As the recipient of an endowed professorship, Lowe received a special medal in recognition of her accomplishments. Its front features an etching of the School of Dentistry building and images of Horace H. Hayden and Chapin A. Harris, who in 1840 founded the school — the first dental college in the world. Its back lists the name of the endowed professorship as well as a description of the school’s purpose: Advancing Oral Health. Improving Lives. 
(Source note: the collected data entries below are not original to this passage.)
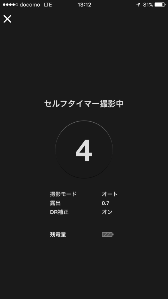 スマホからシャッターを切ると、画面にはカウントダウンが表示されます。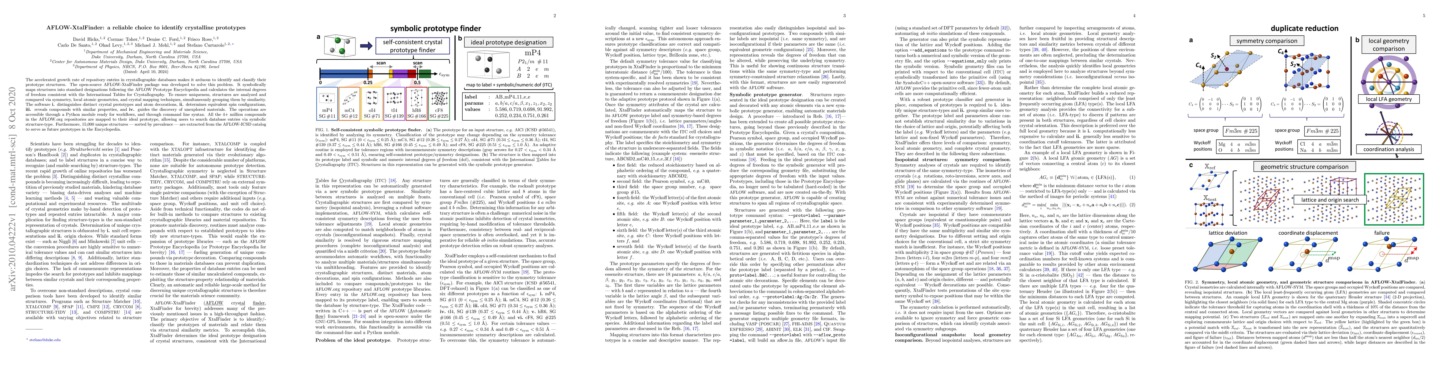 The AFLOW-XtalFinder package is an open-source tool designed to identify and classify crystalline prototype structures from rapidly growing crystallographic databases. It maps structures to standard designations, analyzes symmetry and local atomic geometries, and facilitates the discovery of unexplored materials.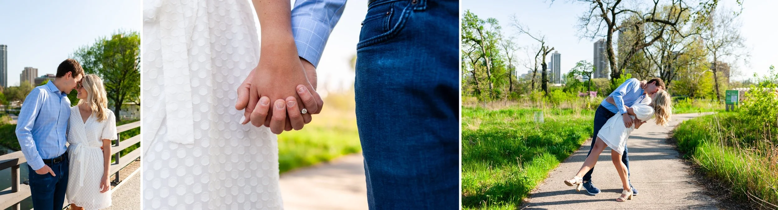As we explored Lincoln Park, Olivia and Kevin's favorite spots became apparent. They led us to a beautiful bridge over the east part of the park. It was an incredibly picturesque location with the Chicago skyline in the background, which held great meaning for both of them. Olivia, originally from Green Bay, found her second home in Chicago, and Kevin is a proud Chicago native. They met through a mutual friend who recognized their special connection, and ever since, their love story has been in the making.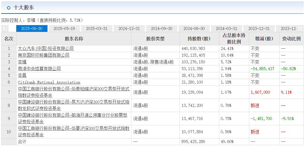 根据2025年半年报,国轩高科股权结构呈现“创始人控股+机构投资者分散持股”特点,公司实际控制人为李缜(直接持股比例:5.72%),公司十大股东主要如下所示: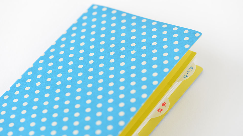 This 40-sheet notebook, designed in collaboration with stationery brand Mizushima, comes in A6 Planner / Original or A5 Cousin size with a choice between plain or graph paper. Polka Dot covers contain plain paper and Striped covers contain 3.7mm graph paper, the same grid size as the Japanese A6 and A5 Hobonichi Techos. Half-circle perforations are cut down the edge of the page for the option of punching in the tab and folding it out to stick out from that page, making a convenient, built-in index. Once you no longer need an index tab for that section, simply fold the tab back into place. The notebook cover is slightly larger than the pages in order to protect the index tabs. Use these notebooks for information that can be organized into themes, such as a studying notebook or a book of recipes.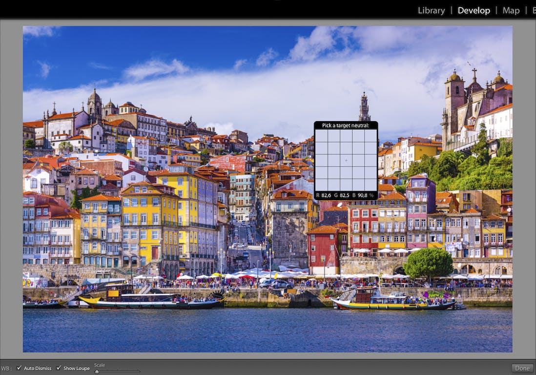 Nopein tapa korjata valokuvan valkotasapaino on painaa W-näppäintä ja napsauttaa neutraalin valkoista tai harmaata (tai sellaiseksi tarkoitettavaa) aluetta kuvassa.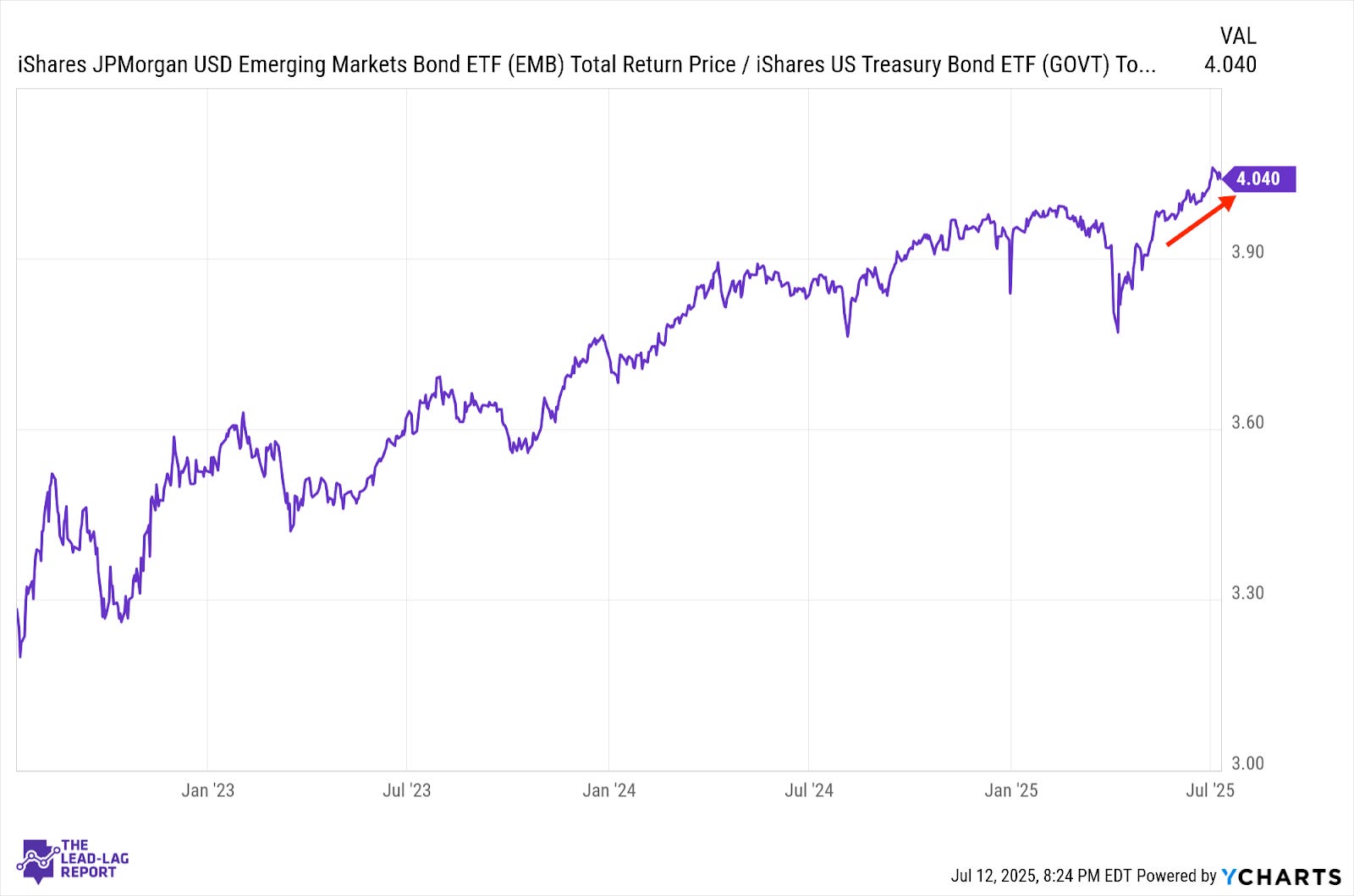 There has been a slight uptrend developing in inflation protection, but it’s a minor one. It would be easy to say that escalating tariff risk would be the primary catalyst, but given the equity market’s relatively muted reaction, that might not be the case. I mostly see inflation expectations being largely settled here and any changes in this ratio being largely attributed to normal market fluctuations.

Noting that endowed professorships greatly enhance the education of the school’s dental and dental hygiene students as well as sustain scholarship, support discovery, and help improve patient care in a chosen area of expertise, Reynolds expressed his appreciation to Drs. Smith and Paterakis.  

“I would like to again recognize Drs. Smith and Paterakis, whose generosity established the school’s first endowed professorship: the Frederick G. Smith, MS, DDS, and Venice K. Paterakis, DDS, Endowed Professorship in Oral and Maxillofacial Surgery,” he said. 

“Your vision for and gift to the school will support advances and translational innovations in patient care through the work of Dr. Lowe and those who follow in her footsteps.”